Future federal stimulus bailouts President Barack Obama trademark road to nowhere in this never ending economic slide. Fiscal motivation to put the nation’s finances on a recoverable path, the Federal Reserve implied that another stimulus bailout are on the president’s agenda could be needed to boost a wrangling economy.
Help from the Federal Reserve, but the truth to the matter any additional financial assistance has produced a slower recovery period than expected from the state of the economy as the job market since this January is bleak leading to more concerns that any new bailouts could extend furthering more debt crisis. No tax breaks to big businesses and corporations will prolong failure.
Prior stimulus bailouts have not jumpstarted the economy forcing more speculation that any new financial action from the feds will lead to more anxiety among financial investors in a lacking job market. By the Constitution, congress is prepared to take action if needed first with the feds prepared to act financially.
President Obama, will remain prepared to take action to protect the U.S. financial system and economy in the event that financial stresses plummets the economy further. Currently there is nothing moving this economy into recovery. The government has assumed control more than likely the economy is headed for more doom and gloom before the November 2012 presidential election.
Obama must realize that broad economic growth cannot just cover the labor market.

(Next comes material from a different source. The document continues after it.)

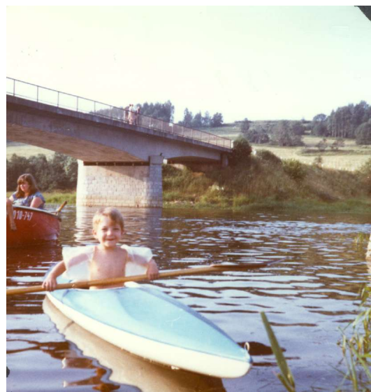
mladý vodák 1981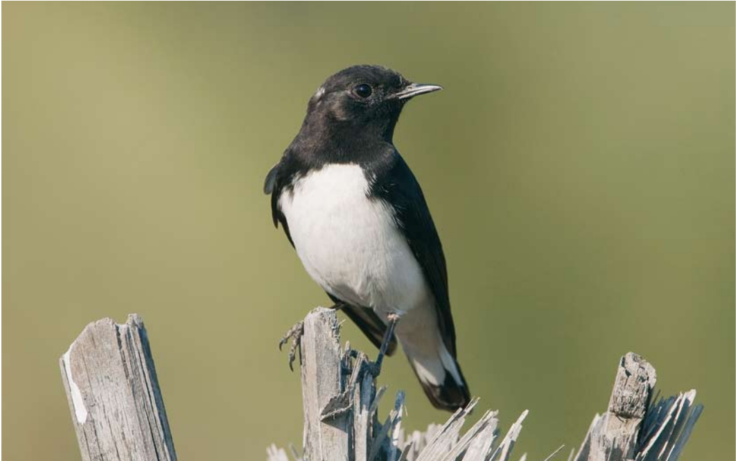
242 Variable Wheatear / Picatatapuit Oenanthe picata , between Bandar Abbas and Minab, Hormuzgan, Iran, 26 January 2009 (Arie Ouwerkerk)

Small business grows when the government and big business sits together and creates prosperity so that corporations can funnel monetary value to banking institutions and small businesses can expand to the middle class, the “Grand Poobah” of consumer spending.
Federal Reserved Chairman Ben Bernanke recently spoke to Congressional members stating that “the body should work to prevent unnecessarily impeding the current economic recovery by avoiding” a catch phrase he termed “fiscal cliff.”, The “fiscal cliff” embrace the “expiration of the Bush tax cuts, middle-class protection from the Alternative Minimum Tax,” and permanent tax breaks for “individuals and businesses that are set to run out.”
Let’s not forget that the Bush tax cuts hindered this economy and the financial institutions since the Democratic controlled congress pushed the tax cuts further during the Bush administration. Obama promised to end the tax cuts but caved in at the end of 2010 which has furthered the deepening economic slide. No new tax codes could lead to a depression.
The Bush tax cuts and the payroll tax cuts extended unemployment benefits without creating jobs. Obama stimulus measures went toward infrastructure projects not economic development a significant threat from recovery. The Federal Reserve could take action if necessary. Is it necessary to add more bailouts and debt to the economy?
In the best interest stop stimulus spending, let the market play out. When the economy plays out, everything will return to normal. Adding more stimuli is like giving a whale a dic tac candy. He will come back for more to satisfy his hunger. Let’s let the election take place, let the markets and economy swallow their own mess.
All stimulus money is created out of thin air that creates more debt. Debt must continue to grow or the monetary supply gets smaller leading to massive defaults in mortgages and financial institutions requiring more bailouts because we live in a debt society.
In this debt based system, Congress take power to regulate more financial reform from Dodd Frank and issue regulation on the flow of cash to reduce the enormous debt accumulated within the last 3 years under the Obama administration. Paying down the debt decreases the money supply from the government.
Stimulus bailout is money we don’t have. More bad news about the economic in a bad market raises another stimulus providing more unemployment, housing decline, rising gas prices and loan defaults. More stimulus bailouts only delay the inevitable. A total financial collapse if the nation continues on the current pace for the next four years. The deficit will rise above $20 trillion. If that is the case, further improvement in the market, financial system and economy must be monitored to curtail the crisis.